• _Data_:
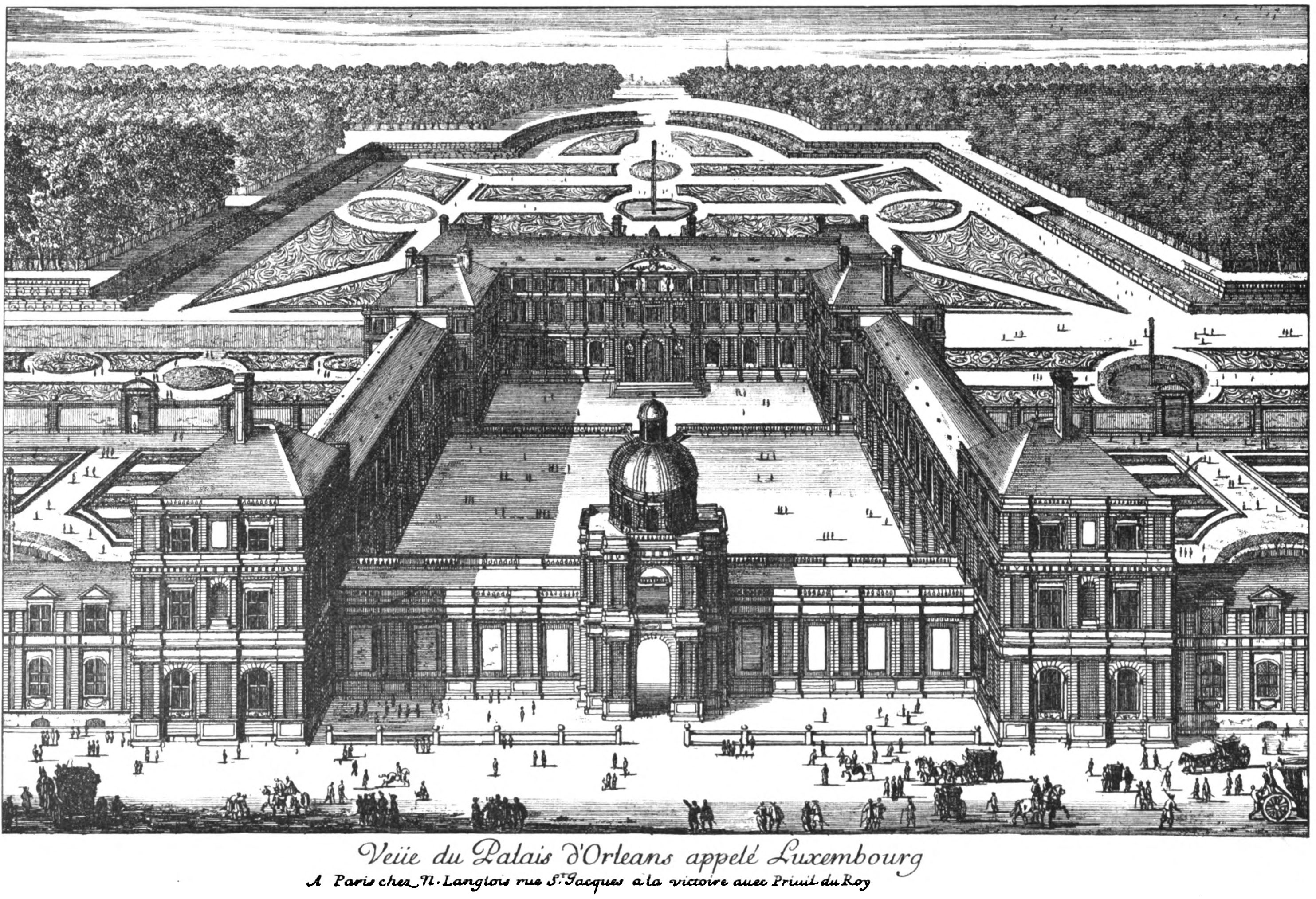 View of the Palais d'Orléans (called Luxembourg) in Paris, ca. 1643, with the garden parterre designed by Jacques Boyceau visible behind the palace
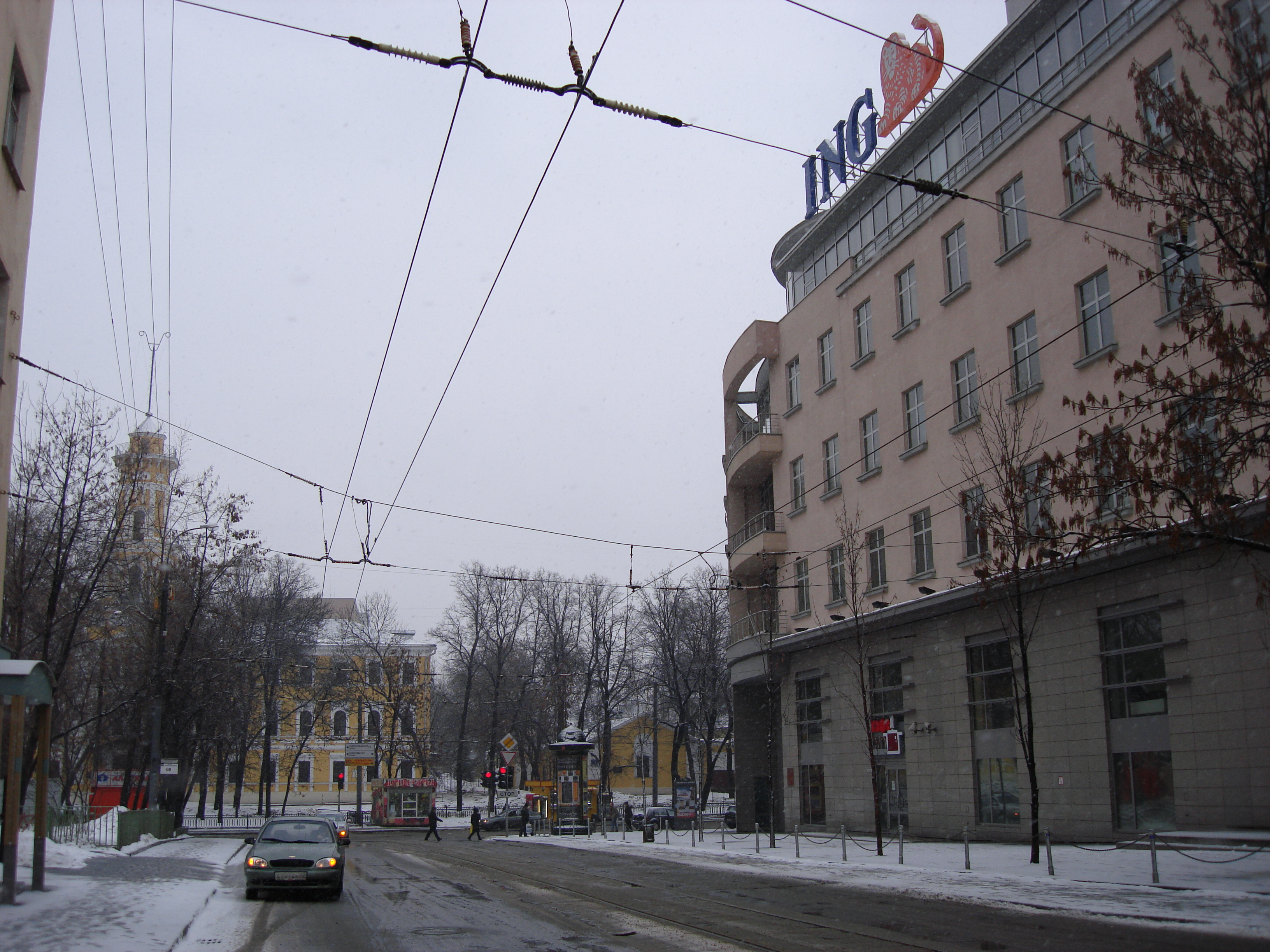 ING office building in Moscow, 36 Krasnoproletarskaya street (Краснопролетарская улица, д. 36). See on Yandex Maps
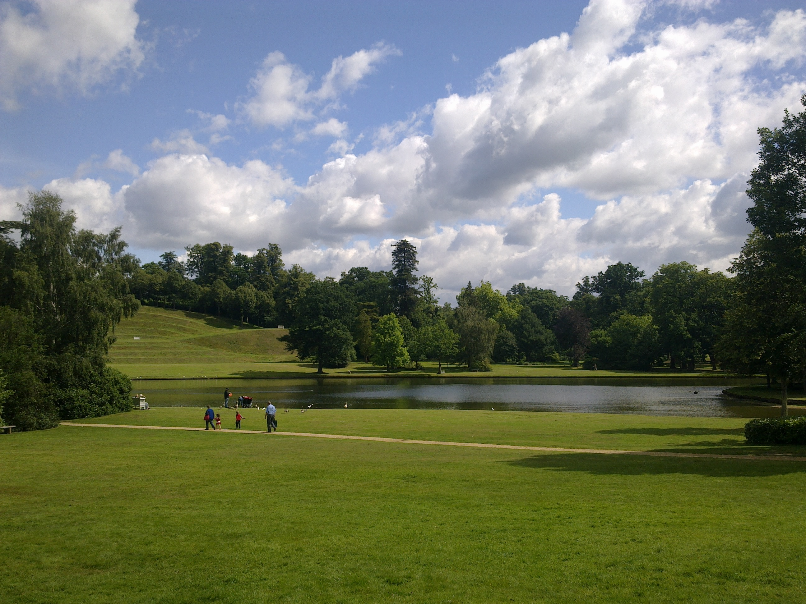 Claremont amphitheatre on left and lake island on right
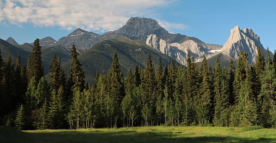 Mount Lougheed and Windtower near Canmore, BC Canada
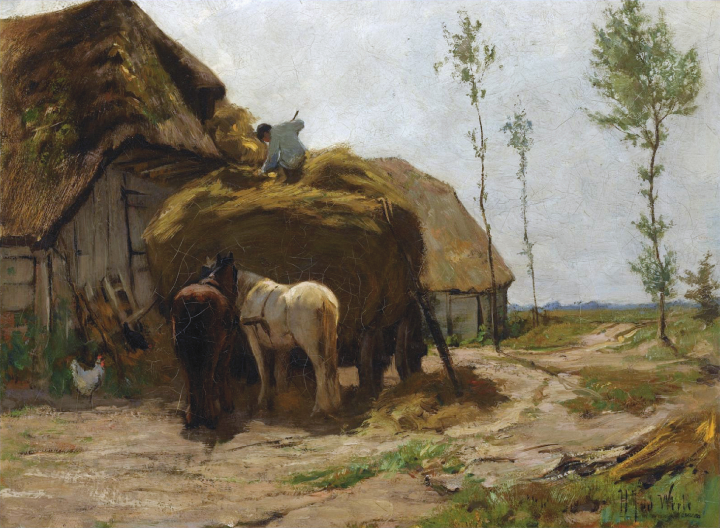 The provisioning of the hayloft 48.5 x 64.5 cm. signed l.r. oil on canvas
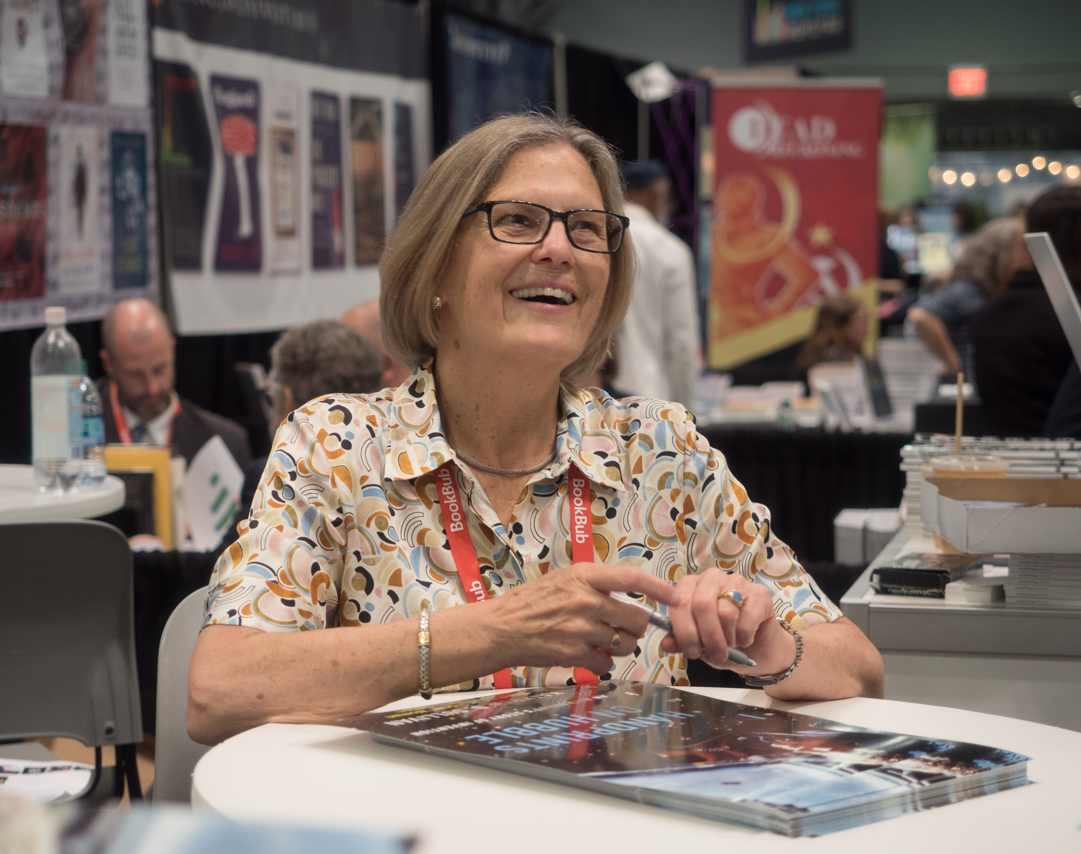 Kathryn D. Sullivan at BookExpo at the Javits Center in New York City, May 2019.
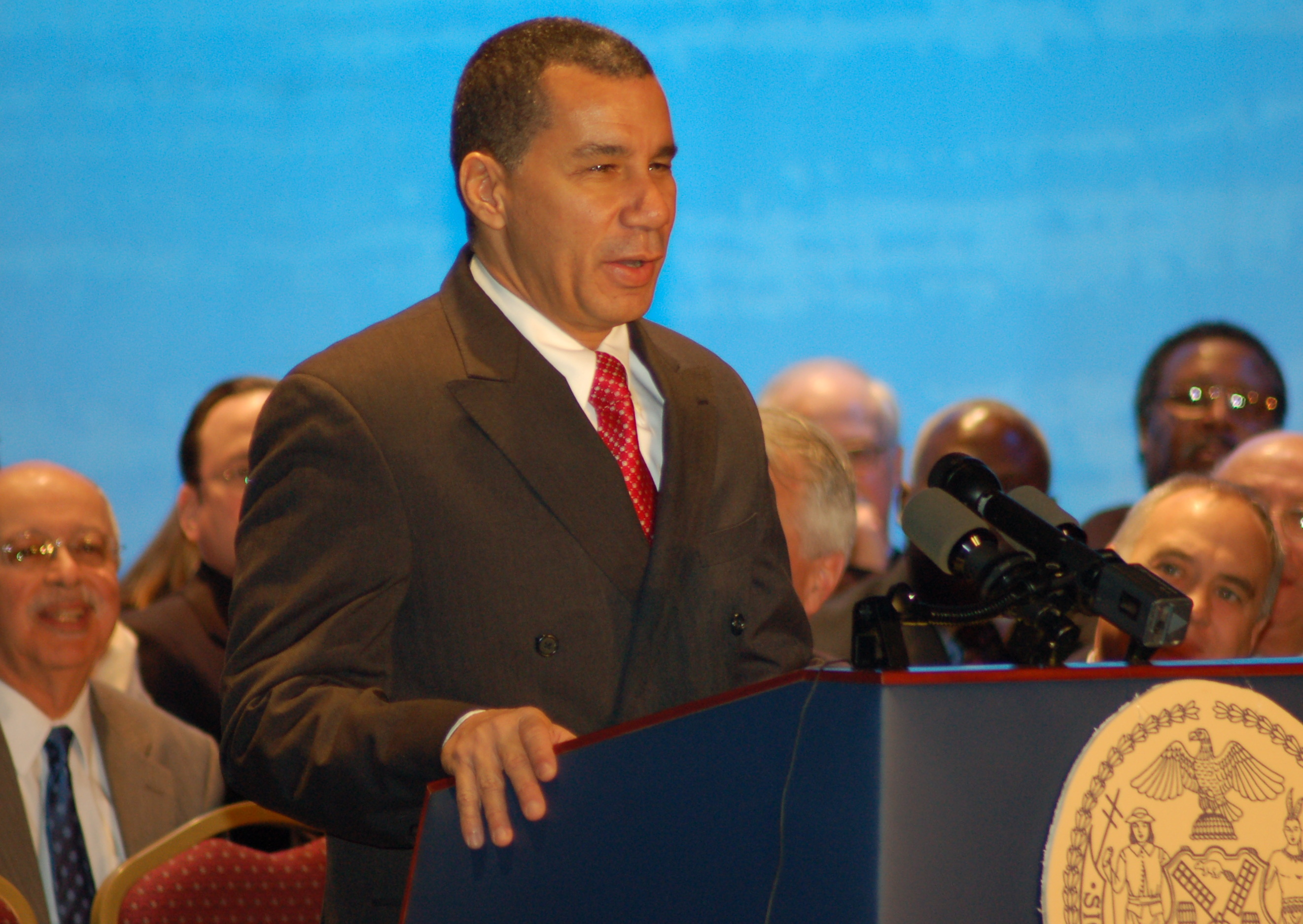 STATEN ISLAND, N.Y. -- Governor David Paterson speaking at the inauguration of Debi Rose.

• _Task_: Everything above from the line with "ING office building" through the line with "Mount Lougheed and" should be retyped exactly, and nothing else; omit pictures.

• _Exercise solution_:
 ING office building in Moscow, 36 Krasnoproletarskaya street (Краснопролетарская улица, д. 36). See on Yandex Maps
 Claremont amphitheatre on left and lake island on right
 Mount Lougheed and Windtower near Canmore, BC Canada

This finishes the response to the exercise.